-- Supplied material follows --

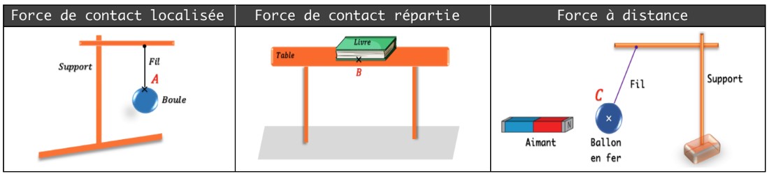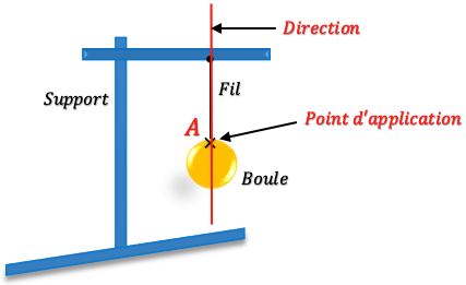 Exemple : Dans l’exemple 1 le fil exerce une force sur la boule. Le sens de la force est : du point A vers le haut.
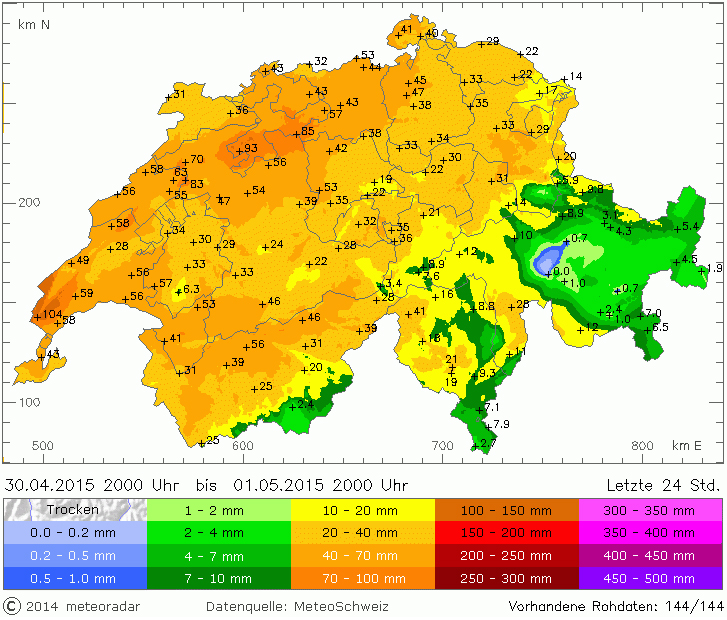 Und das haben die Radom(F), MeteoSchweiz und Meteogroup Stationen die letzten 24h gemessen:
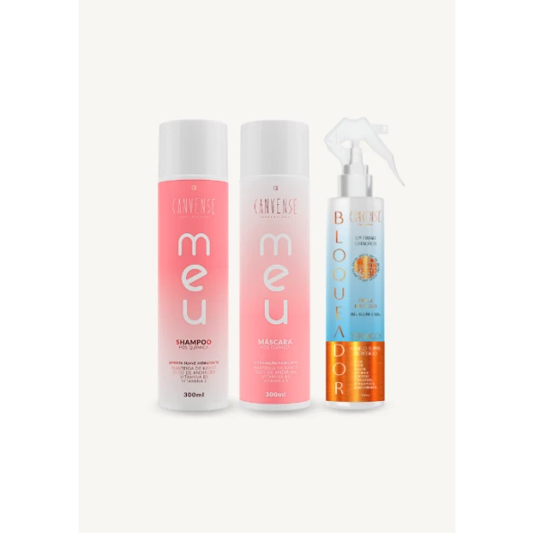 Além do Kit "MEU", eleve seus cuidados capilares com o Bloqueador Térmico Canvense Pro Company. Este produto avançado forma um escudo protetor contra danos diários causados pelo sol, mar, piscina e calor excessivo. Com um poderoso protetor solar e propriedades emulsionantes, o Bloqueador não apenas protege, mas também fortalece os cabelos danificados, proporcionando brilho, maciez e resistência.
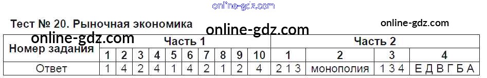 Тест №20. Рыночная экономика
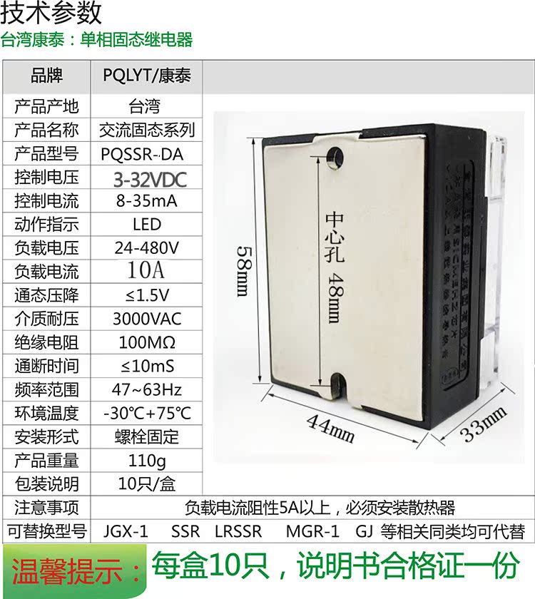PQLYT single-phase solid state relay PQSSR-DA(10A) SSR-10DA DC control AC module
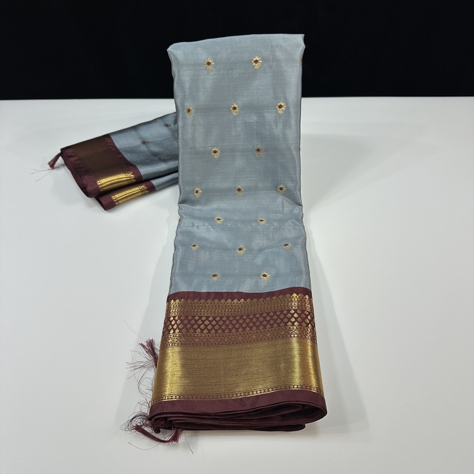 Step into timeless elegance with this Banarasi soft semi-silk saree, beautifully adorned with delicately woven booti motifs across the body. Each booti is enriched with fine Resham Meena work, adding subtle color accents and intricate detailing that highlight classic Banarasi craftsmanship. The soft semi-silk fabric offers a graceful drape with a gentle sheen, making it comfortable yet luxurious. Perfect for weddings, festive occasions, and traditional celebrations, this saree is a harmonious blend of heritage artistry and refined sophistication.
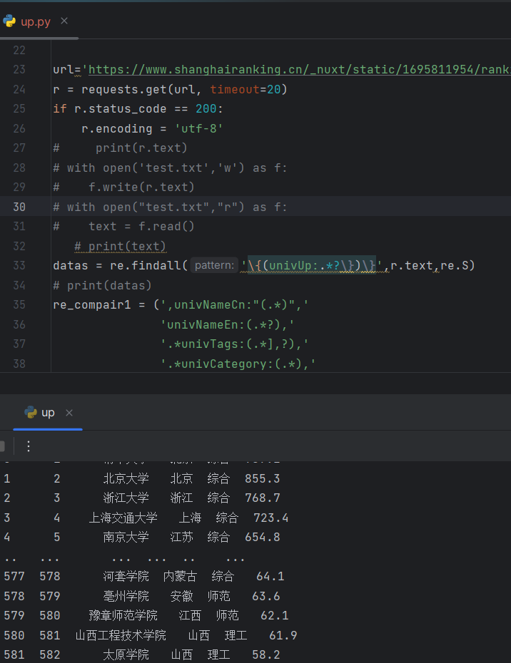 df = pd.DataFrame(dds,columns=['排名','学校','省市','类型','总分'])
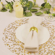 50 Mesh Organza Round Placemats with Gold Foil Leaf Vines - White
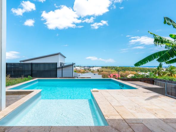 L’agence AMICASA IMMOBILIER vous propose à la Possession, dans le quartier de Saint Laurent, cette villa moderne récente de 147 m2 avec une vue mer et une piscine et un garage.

-- Supplied material concluded --

[Activity]
Set down all the data again exactly as above, pictures excluded.

[Written reply]
 Exemple : Dans l’exemple 1 le fil exerce une force sur la boule. Le sens de la force est : du point A vers le haut.
 Und das haben die Radom(F), MeteoSchweiz und Meteogroup Stationen die letzten 24h gemessen:
 Além do Kit "MEU", eleve seus cuidados capilares com o Bloqueador Térmico Canvense Pro Company. Este produto avançado forma um escudo protetor contra danos diários causados pelo sol, mar, piscina e calor excessivo. Com um poderoso protetor solar e propriedades emulsionantes, o Bloqueador não apenas protege, mas também fortalece os cabelos danificados, proporcionando brilho, maciez e resistência.
 Тест №20. Рыночная экономика
PQLYT single-phase solid state relay PQSSR-DA(10A) SSR-10DA DC control AC module
 Step into timeless elegance with this Banarasi soft semi-silk saree, beautifully adorned with delicately woven booti motifs across the body. Each booti is enriched with fine Resham Meena work, adding subtle color accents and intricate detailing that highlight classic Banarasi craftsmanship. The soft semi-silk fabric offers a graceful drape with a gentle sheen, making it comfortable yet luxurious. Perfect for weddings, festive occasions, and traditional celebrations, this saree is a harmonious blend of heritage artistry and refined sophistication.
 df = pd.DataFrame(dds,columns=['排名','学校','省市','类型','总分'])
 50 Mesh Organza Round Placemats with Gold Foil Leaf Vines - White
 L’agence AMICASA IMMOBILIER vous propose à la Possession, dans le quartier de Saint Laurent, cette villa moderne récente de 147 m2 avec une vue mer et une piscine et un garage.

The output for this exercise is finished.